What actually makes a gym? That’s actually a pretty broad question, so let me be more specific; what equipment do you need in a gym? At our facility, we tend toward the minimal. The vast majority of our space is open and the rest is filled with free weights. This might seem strange to anyone reared in commercial gyms, where any open space is quickly occupied by expensive machinery. This is a pretty big divide. Why does it exist in the first place?
Good question. I like where you’re going with this.
Historically, we don’t need to step back terribly far. Prior to industrialized society, people were pretty active by default. Performing supplementary physical work for its own sake was relatively uncommon up until the nineteenth century. By that time, the sedentary lifestyles that technology had created were also contributing to diminished health and vitality. The physical culture movement stepped into the fray with thinkers (and doers) such as Eugene Sandow and Friedrich Ludwig Jahn.
The early proponents of physical culture used relatively little equipment – not that there was much at the time – and tended toward practices such as gymnastics, lifting free weights and stretching. Nothing changed dramatically until the 1970s.
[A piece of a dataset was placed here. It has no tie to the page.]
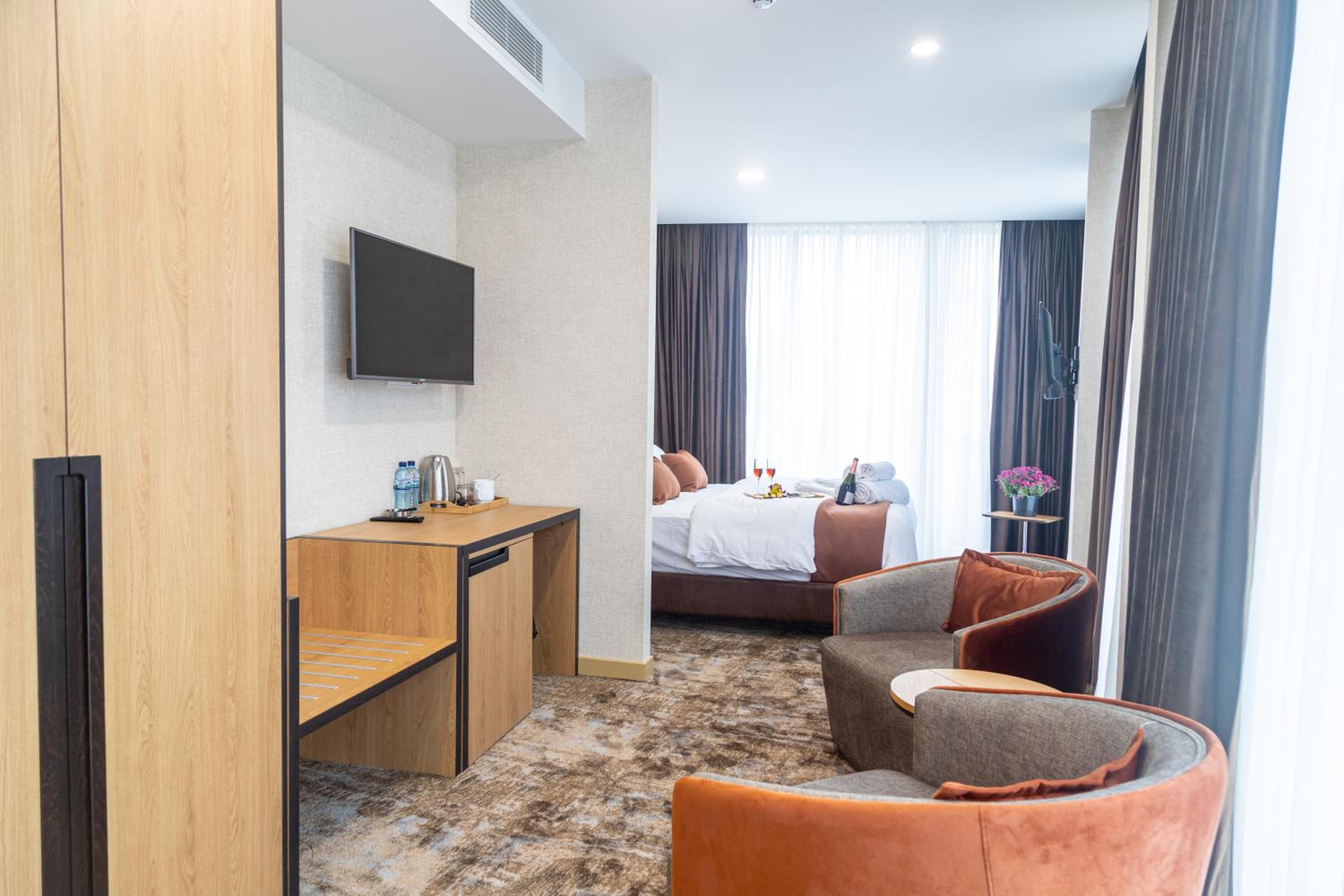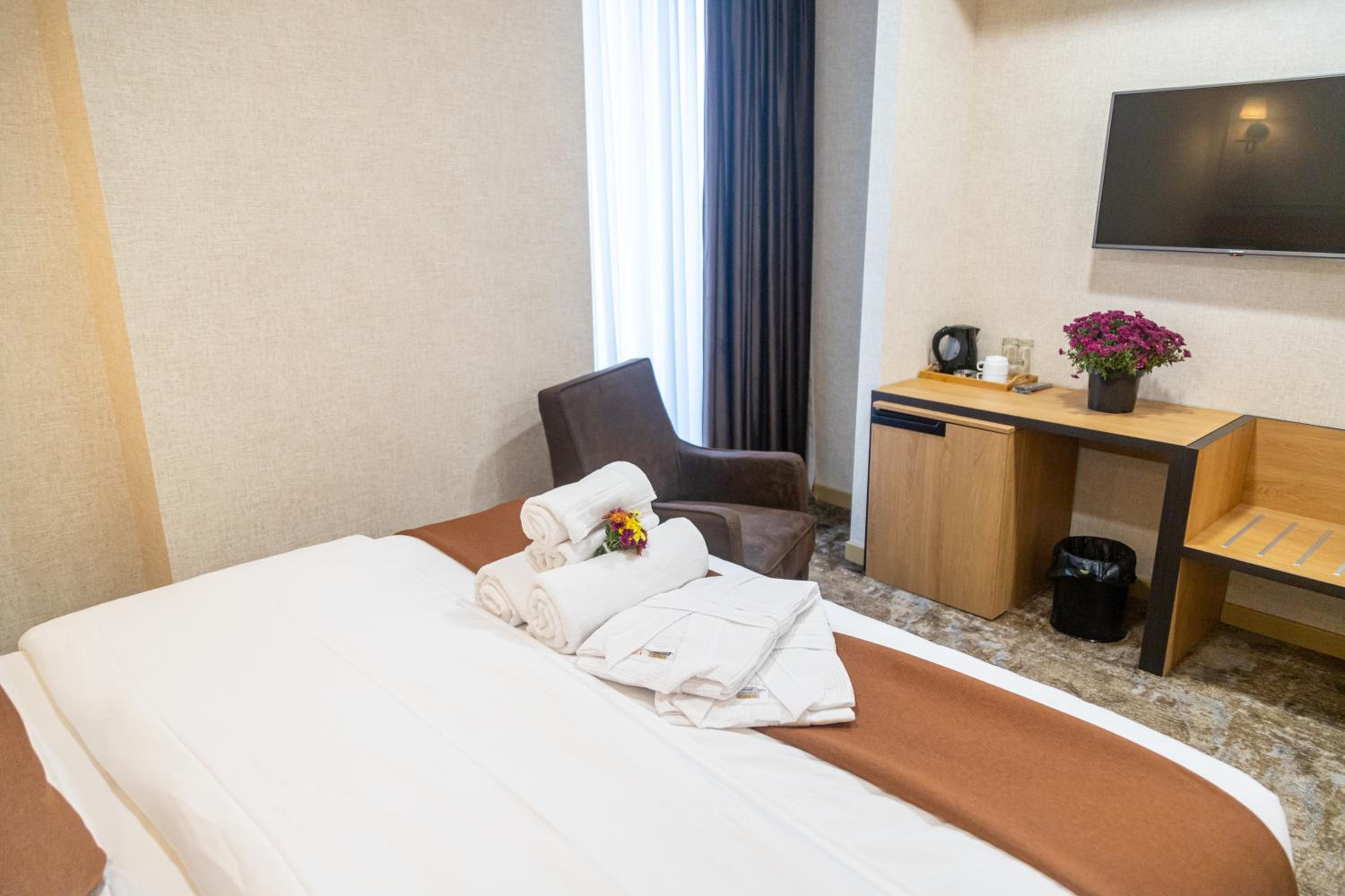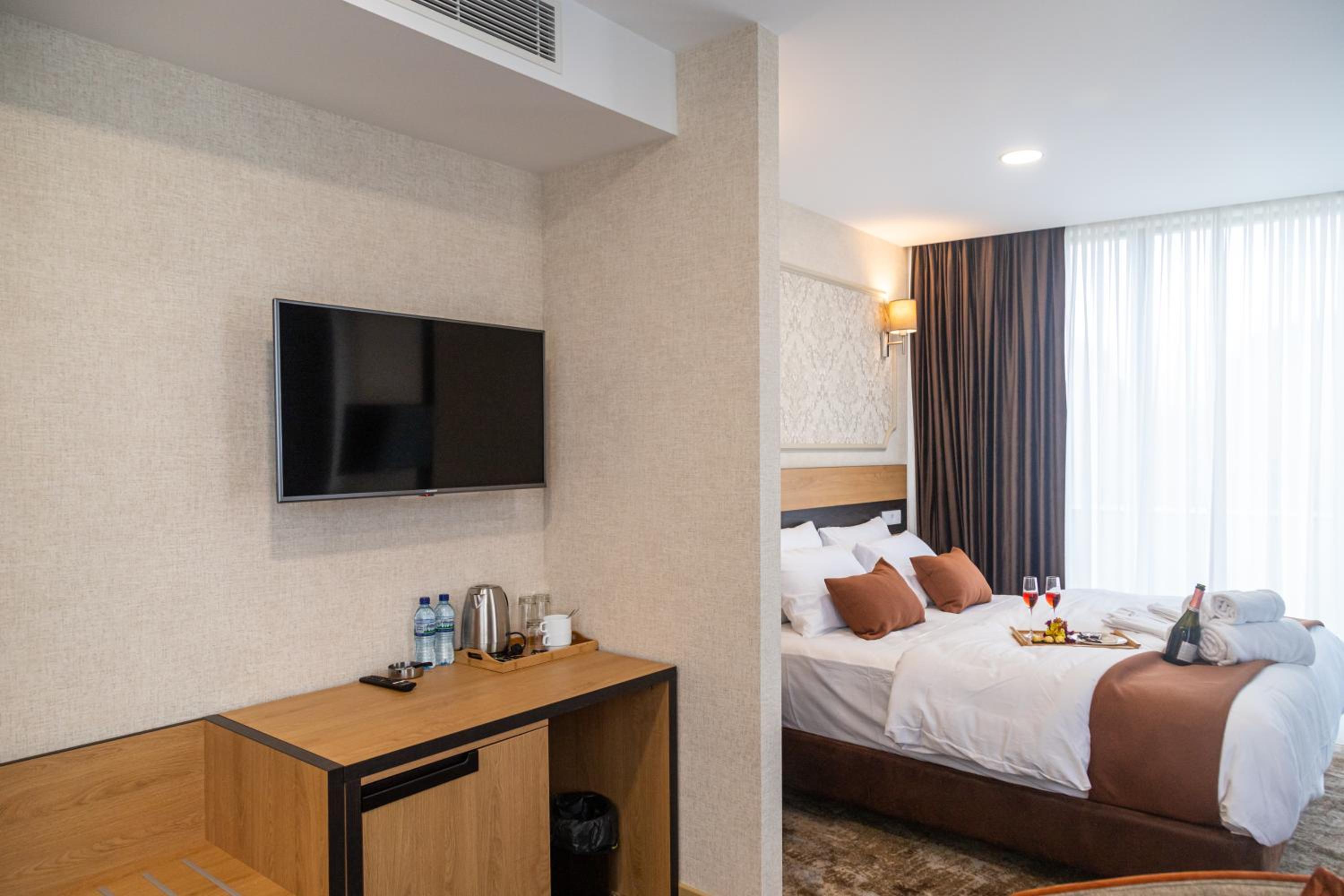 Enjoy seamless service with our 24-hour front desk, free WiFi, and room service. Explore nearby attractions such as Heroes Square and Tbilisi Circus, all within easy reach from our hotel. Book your stay at Hotel Solum Roof Top for an unforgettable experience in Tbilisi City.

I think that there were three major events that changed the face of the commercial gym industry during this period:
1. The widening use of anabolic steroids by athletes. Although steroids were in use by Olympic athletes as early as the mid-1950s, their use didn’t become widespread for another 12-15 years. Anabolic steroids allowed athletes to work harder, longer. As bodybuilders later discovered, some types also allowed users to maximize size gains.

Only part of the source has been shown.